▸ ASSIGNMENT
After locating the line with "A new graduate" in the data that follows, return it and every later line exactly, up to and including the line with "Plášťový termočlánok s".

[Items from a data source]
___

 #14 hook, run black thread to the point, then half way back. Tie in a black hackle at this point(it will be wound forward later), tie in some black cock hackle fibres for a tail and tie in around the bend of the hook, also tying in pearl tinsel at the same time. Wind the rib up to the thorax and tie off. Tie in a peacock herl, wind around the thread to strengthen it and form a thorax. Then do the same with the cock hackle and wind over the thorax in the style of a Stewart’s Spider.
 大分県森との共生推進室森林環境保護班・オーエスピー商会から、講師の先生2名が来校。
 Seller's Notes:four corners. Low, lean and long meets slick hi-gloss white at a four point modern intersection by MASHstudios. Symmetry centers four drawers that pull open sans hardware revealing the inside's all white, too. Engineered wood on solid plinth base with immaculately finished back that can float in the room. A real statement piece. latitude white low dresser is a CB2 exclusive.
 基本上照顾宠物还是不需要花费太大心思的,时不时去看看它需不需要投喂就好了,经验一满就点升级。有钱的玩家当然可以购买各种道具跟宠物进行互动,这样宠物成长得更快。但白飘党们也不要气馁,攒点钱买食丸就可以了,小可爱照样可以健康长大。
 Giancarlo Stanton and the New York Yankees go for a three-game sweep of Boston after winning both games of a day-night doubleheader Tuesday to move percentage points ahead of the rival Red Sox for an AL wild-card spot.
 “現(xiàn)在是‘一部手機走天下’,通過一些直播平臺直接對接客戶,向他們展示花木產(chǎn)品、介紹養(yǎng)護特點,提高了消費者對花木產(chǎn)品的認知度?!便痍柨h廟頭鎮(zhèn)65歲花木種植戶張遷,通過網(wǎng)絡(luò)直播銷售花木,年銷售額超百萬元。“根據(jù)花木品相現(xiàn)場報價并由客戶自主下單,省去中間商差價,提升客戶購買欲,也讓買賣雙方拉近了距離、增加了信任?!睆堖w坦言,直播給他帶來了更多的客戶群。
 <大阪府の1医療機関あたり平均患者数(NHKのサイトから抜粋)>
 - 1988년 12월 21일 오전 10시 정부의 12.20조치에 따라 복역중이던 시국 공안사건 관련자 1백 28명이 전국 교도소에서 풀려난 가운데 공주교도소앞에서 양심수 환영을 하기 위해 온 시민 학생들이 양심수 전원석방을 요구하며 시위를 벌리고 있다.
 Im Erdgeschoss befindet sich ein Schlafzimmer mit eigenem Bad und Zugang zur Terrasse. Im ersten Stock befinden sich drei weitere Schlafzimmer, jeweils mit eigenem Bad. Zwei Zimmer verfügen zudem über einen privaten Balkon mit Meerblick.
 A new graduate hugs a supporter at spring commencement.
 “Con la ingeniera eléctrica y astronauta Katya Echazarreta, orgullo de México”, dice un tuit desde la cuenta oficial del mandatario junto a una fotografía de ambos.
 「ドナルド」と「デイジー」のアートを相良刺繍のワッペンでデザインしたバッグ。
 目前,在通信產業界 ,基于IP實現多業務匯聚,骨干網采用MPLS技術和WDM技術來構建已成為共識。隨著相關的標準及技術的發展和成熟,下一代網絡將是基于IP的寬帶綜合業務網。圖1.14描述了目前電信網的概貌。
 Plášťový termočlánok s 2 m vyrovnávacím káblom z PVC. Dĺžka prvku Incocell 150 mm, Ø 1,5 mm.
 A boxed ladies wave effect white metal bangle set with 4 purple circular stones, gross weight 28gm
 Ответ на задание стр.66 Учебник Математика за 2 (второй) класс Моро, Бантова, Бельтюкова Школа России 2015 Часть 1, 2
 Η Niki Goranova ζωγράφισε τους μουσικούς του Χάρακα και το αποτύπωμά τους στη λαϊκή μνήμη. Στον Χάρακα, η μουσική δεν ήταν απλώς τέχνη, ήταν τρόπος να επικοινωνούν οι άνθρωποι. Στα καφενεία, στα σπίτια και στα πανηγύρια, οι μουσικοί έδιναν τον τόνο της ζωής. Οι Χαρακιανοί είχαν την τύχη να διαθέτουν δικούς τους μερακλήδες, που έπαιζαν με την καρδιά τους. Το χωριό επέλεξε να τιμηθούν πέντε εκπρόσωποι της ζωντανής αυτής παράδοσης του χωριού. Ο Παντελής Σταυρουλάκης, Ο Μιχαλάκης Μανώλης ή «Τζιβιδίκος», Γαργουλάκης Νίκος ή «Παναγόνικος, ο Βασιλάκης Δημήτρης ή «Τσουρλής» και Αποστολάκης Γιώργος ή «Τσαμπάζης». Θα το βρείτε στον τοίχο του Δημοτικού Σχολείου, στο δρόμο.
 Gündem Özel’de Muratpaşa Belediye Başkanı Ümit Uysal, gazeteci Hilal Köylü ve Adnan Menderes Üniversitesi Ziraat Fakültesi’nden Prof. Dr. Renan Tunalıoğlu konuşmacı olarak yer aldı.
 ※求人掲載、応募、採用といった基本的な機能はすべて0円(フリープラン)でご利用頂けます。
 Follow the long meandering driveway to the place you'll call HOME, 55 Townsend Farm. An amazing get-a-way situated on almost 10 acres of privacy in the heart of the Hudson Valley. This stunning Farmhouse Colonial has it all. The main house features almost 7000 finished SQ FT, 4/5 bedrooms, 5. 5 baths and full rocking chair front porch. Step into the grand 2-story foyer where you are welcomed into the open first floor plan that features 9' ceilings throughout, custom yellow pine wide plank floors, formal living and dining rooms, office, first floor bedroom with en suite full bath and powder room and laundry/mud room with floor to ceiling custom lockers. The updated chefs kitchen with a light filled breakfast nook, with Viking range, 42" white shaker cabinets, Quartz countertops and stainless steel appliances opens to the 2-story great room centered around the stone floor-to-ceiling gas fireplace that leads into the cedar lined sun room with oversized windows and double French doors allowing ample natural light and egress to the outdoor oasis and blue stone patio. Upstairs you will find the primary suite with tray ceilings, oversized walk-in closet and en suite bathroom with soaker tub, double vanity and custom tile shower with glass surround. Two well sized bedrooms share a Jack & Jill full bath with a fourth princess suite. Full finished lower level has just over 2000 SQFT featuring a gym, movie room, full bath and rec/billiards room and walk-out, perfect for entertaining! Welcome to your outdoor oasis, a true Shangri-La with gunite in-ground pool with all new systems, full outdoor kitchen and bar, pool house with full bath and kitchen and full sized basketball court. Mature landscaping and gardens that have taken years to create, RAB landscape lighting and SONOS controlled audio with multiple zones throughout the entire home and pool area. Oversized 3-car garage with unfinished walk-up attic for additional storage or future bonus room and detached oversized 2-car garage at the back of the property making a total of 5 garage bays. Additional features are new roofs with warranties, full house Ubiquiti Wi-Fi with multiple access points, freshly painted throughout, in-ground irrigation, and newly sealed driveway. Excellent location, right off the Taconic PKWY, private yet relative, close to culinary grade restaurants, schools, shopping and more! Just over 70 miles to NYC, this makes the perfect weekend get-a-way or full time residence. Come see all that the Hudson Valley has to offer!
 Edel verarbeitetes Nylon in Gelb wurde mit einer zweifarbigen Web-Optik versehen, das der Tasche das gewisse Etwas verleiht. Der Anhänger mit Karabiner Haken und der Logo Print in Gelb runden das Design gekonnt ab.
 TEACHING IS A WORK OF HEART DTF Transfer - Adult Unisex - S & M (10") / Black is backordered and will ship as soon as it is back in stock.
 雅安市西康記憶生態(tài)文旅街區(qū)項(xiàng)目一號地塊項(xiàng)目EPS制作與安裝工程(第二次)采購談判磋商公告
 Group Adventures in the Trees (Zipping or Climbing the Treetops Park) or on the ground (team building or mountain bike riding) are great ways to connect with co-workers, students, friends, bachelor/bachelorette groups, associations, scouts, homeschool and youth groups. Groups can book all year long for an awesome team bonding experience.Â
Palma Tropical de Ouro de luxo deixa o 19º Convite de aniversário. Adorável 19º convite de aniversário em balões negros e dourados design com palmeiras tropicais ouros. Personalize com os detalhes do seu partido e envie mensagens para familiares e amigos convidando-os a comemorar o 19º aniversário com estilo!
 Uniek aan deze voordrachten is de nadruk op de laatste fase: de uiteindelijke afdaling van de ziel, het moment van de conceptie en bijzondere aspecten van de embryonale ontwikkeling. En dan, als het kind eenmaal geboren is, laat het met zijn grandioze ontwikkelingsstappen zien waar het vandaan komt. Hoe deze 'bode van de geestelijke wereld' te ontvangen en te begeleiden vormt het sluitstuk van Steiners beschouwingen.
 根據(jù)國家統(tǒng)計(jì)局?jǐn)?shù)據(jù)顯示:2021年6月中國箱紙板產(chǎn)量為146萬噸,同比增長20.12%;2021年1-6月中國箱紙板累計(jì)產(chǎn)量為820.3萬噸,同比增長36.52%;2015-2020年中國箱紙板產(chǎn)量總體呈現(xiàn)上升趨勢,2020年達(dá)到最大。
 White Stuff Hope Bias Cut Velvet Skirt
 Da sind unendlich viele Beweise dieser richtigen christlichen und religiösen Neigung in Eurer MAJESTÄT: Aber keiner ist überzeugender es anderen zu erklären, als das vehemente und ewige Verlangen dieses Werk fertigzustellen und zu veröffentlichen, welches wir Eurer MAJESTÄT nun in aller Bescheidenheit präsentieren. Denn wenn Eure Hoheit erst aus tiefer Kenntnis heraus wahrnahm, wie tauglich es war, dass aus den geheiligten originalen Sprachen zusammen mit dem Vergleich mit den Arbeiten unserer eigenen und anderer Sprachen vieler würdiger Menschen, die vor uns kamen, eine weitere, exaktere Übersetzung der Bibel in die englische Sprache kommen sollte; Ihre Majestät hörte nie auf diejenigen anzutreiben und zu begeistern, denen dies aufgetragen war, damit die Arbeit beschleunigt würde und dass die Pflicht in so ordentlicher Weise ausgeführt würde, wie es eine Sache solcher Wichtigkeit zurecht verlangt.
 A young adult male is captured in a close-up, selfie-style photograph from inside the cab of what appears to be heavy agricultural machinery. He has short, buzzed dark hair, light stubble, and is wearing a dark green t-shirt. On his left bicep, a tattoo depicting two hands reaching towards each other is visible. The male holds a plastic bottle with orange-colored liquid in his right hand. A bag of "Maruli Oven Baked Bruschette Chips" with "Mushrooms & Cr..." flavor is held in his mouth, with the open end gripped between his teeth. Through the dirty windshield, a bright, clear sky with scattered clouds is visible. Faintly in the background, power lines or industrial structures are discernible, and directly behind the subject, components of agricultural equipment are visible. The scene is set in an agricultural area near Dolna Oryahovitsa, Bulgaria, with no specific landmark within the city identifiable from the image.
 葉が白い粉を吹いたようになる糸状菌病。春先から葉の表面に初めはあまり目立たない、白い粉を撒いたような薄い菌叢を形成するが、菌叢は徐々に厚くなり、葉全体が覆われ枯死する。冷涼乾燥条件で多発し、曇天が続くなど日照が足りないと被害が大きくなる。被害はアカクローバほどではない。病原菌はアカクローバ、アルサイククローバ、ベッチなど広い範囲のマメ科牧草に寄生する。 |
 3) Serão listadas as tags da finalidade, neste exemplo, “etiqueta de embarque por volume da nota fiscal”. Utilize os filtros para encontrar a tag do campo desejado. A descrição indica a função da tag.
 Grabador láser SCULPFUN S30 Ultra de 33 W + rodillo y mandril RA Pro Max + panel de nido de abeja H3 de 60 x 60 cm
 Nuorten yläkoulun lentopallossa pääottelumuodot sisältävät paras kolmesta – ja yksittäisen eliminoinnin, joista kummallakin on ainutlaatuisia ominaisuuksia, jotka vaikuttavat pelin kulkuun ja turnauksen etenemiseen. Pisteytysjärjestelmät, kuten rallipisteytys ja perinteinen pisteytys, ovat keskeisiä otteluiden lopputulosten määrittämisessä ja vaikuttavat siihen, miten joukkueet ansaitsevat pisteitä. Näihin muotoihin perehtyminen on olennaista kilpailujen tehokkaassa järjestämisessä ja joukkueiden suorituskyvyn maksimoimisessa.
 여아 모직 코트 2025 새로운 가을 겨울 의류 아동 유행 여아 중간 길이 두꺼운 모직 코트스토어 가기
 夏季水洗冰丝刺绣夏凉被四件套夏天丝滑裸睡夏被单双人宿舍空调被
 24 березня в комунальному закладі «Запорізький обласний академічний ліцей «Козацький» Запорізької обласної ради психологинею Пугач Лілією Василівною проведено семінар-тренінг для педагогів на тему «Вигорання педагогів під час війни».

___

▸ OUTPUT FOR THIS EXERCISE
 A new graduate hugs a supporter at spring commencement.
 “Con la ingeniera eléctrica y astronauta Katya Echazarreta, orgullo de México”, dice un tuit desde la cuenta oficial del mandatario junto a una fotografía de ambos.
 「ドナルド」と「デイジー」のアートを相良刺繍のワッペンでデザインしたバッグ。
 目前,在通信產業界 ,基于IP實現多業務匯聚,骨干網采用MPLS技術和WDM技術來構建已成為共識。隨著相關的標準及技術的發展和成熟,下一代網絡將是基于IP的寬帶綜合業務網。圖1.14描述了目前電信網的概貌。
 Plášťový termočlánok s 2 m vyrovnávacím káblom z PVC. Dĺžka prvku Incocell 150 mm, Ø 1,5 mm.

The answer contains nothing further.